--- SUPPLIED MATERIAL Enclosed Below ---

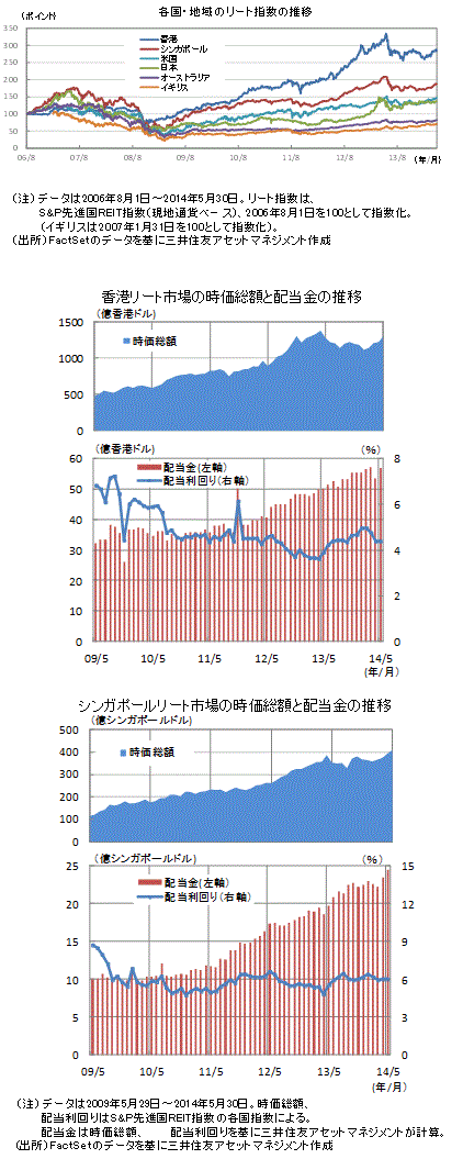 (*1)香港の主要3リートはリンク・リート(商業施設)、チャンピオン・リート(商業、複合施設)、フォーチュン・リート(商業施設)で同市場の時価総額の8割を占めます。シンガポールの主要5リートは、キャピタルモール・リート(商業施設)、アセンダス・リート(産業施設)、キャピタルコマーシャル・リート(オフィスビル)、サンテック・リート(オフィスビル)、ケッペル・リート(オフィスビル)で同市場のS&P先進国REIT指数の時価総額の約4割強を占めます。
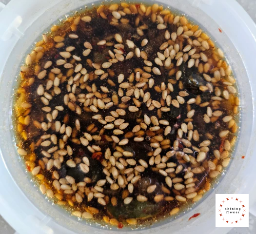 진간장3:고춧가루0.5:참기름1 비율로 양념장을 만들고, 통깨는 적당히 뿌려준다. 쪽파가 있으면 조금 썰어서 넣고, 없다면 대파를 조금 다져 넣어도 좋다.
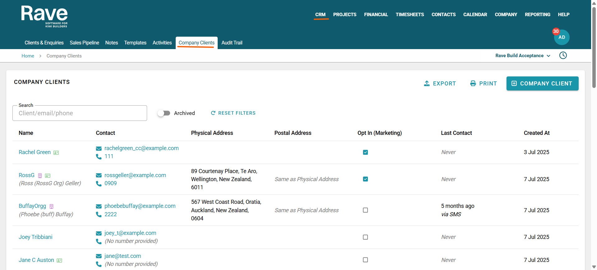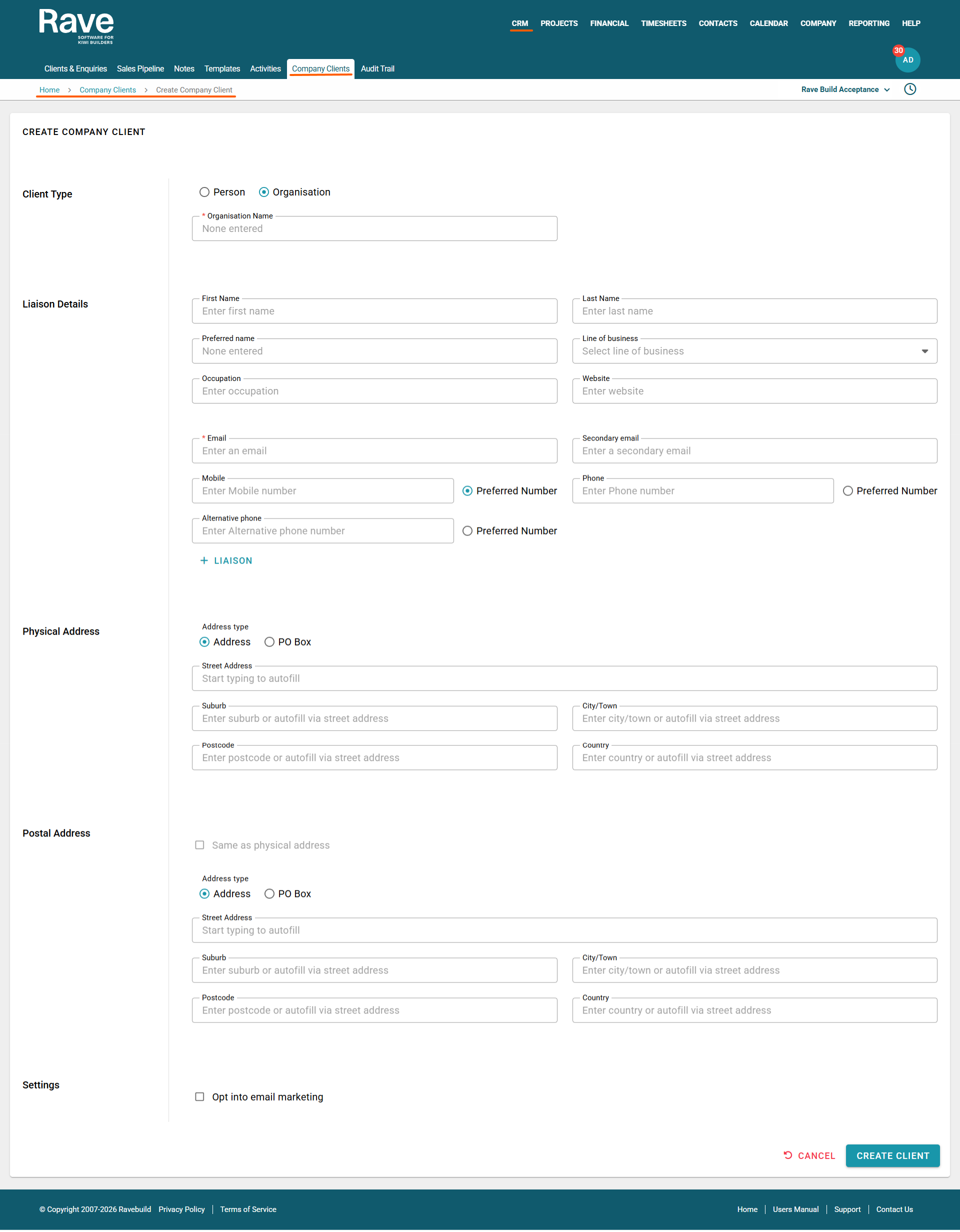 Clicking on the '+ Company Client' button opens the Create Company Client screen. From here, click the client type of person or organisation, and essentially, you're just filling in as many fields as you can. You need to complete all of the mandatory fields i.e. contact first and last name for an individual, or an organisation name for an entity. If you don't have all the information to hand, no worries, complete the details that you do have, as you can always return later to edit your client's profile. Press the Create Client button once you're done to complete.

--- End of Enclosed SUPPLIED MATERIAL ---

§ **YOUR GOAL**:
Starting at the line that contains "진간장3:고춧가루0.5:참기름1 비율로 양념장을", restate each line verbatim through the final line of the listing, skipping all pictures.

§ **TASK RESPONSE**:
 진간장3:고춧가루0.5:참기름1 비율로 양념장을 만들고, 통깨는 적당히 뿌려준다. 쪽파가 있으면 조금 썰어서 넣고, 없다면 대파를 조금 다져 넣어도 좋다.
 Clicking on the '+ Company Client' button opens the Create Company Client screen. From here, click the client type of person or organisation, and essentially, you're just filling in as many fields as you can. You need to complete all of the mandatory fields i.e. contact first and last name for an individual, or an organisation name for an entity. If you don't have all the information to hand, no worries, complete the details that you do have, as you can always return later to edit your client's profile. Press the Create Client button once you're done to complete.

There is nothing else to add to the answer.